Bruce Foxworth
- Full name: Bruce Foxworth
- Country (sports): United States
- Born: September 25, 1956 (age 69) St. Louis, Missouri
- Died: Los Angeles. California
- Plays: Right-handed
- Prize money: $33,214

Singles
- Career record: 9–15
- Career titles: 0
- Highest ranking: No. 147 (January 3, 1983)

Grand Slam singles results
- French Open: 1R (1980, 1983)
- Wimbledon: 1R (1983)
- US Open: 2R (1979, 1985)

Doubles
- Career record: 1–5
- Career titles: 0
- Highest ranking: No. 417 (January 2, 1984)

Grand Slam doubles results
- French Open: 1R (1980)

= Bruce Foxworth =

American tennis player

Bruce Foxworth (September 25, 1956 - October 21, 2021) was a former professional tennis player from the United States.

==Biography==
Foxworth, who was born in St. Louis, played collegiate tennis at Hampton University. He died at the age of 65 on October 21, 2021, after battling prostate cancer for the last two years.

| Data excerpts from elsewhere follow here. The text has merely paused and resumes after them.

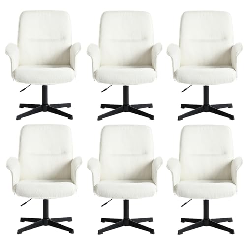 MEUBLE COSY Set med 6 Svängbar kontorsstol höjdjusterbar toalettstol sittbord i tyg Bouclé för studie sovrum, vit, metall, 66 x 63 x 82-94 cm, 6 st
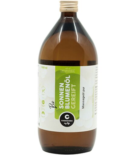 Olio di girasole - per il massaggio tradizionale ayurvedico. Il girasole comune o semplicemente girasole (Helianthus Annuus) proviene dall'America. Ha grandi fiori gialli che assomigliano al sole. Oggi la vediamo come una pianta ornamentale nei giardini domestici, ma è popolare soprattutto tra gli agricoltori in quanto ha semi commestibili. L'olio viene prodotto dai semi di girasole, che viene comunemente usato in cucina e cosmetici. L'olio di girasole del marchio Cosmoveda è utile per il massaggio del corpo. È maturato secondo metodi tradizionali e quindi molto adatto al massaggio ayurvedico, che viene eseguito da millenni. Il massaggio con l'olio di girasole può essere eseguito a casa! Secondo la tradizione ayurvedica, il massaggio viene eseguito prima della doccia o del bagno: Per un'esperienza più piacevole, scaldare leggermente l'olio prima di iniziare il massaggio. Poi massaggiare tutte le parti del corpo, per un totale di circa 10-15 minuti. Prima di risciacquare, lasciare l'olio sulla pelle per un breve periodo in modo che il corpo possa assorbirlo. Infine, concediti una doccia veloce o un bagno rilassante. L'olio è adatto anche per altri tipi di massaggi. ...
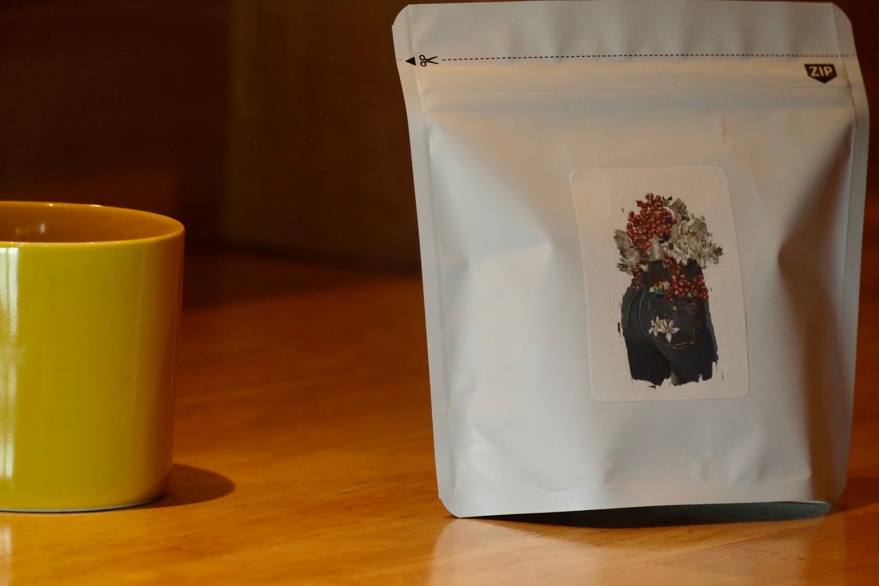 今回のイラストは時の流れを、花、実、コーヒー豆を用いて表現し、宮本さんとの出会いのきっかけとなった初個展でのメインイラストをオマージュしデザインしました。

As a professional player he based himself in Los Angeles and was one of the leading African American player on tour at that time. His best Grand Prix result was a quarter-final appearance at Cleveland in 1980, with wins over Sashi Menon and Ernie Fernández. In 1983 he attained his career best ranking of 147. He competed in the main draw of the French Open, Wimbledon and US Open during his career. At the 1985 US Open he beat Slobodan Živojinović over five sets, which set up a second round match against third seed Mats Wilander. He lost to Wilander in straight sets.

In 1992, Foxworth was seriously injured in a car accident that left him in hospital for four months with a spinal-cord injury.

He continued to live in Los Angeles working as a tennis coach. Players he has coached include Lori McNeil and Roger Smith.